● **Task requirements**: In the entries that follow, find the line containing "Riverstone Town Centre rezoning area"; from there, copy every line exactly through the line containing "2 moulded handles".

● **Exercise data**:
--------------------
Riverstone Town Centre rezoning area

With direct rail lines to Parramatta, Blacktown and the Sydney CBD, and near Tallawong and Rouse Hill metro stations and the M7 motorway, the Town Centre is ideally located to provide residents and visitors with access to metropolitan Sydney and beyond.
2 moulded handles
--------------------
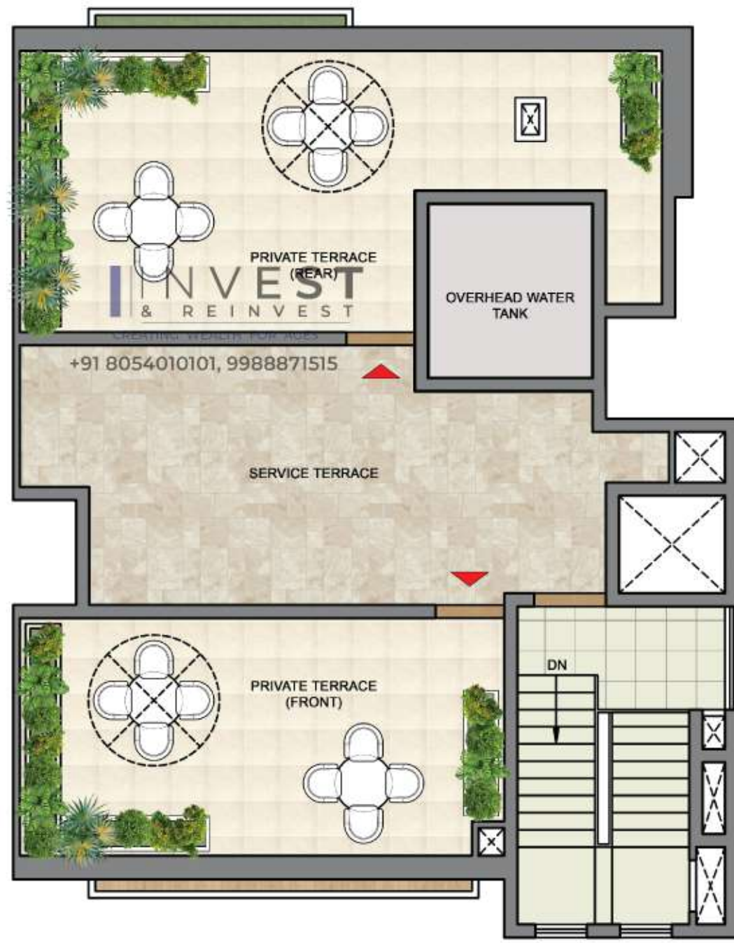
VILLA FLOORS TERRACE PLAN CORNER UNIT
--------------------
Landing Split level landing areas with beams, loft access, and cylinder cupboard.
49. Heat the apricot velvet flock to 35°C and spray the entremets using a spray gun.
--------------------
● **Exercise output**:
Riverstone Town Centre rezoning area

With direct rail lines to Parramatta, Blacktown and the Sydney CBD, and near Tallawong and Rouse Hill metro stations and the M7 motorway, the Town Centre is ideally located to provide residents and visitors with access to metropolitan Sydney and beyond.
2 moulded handles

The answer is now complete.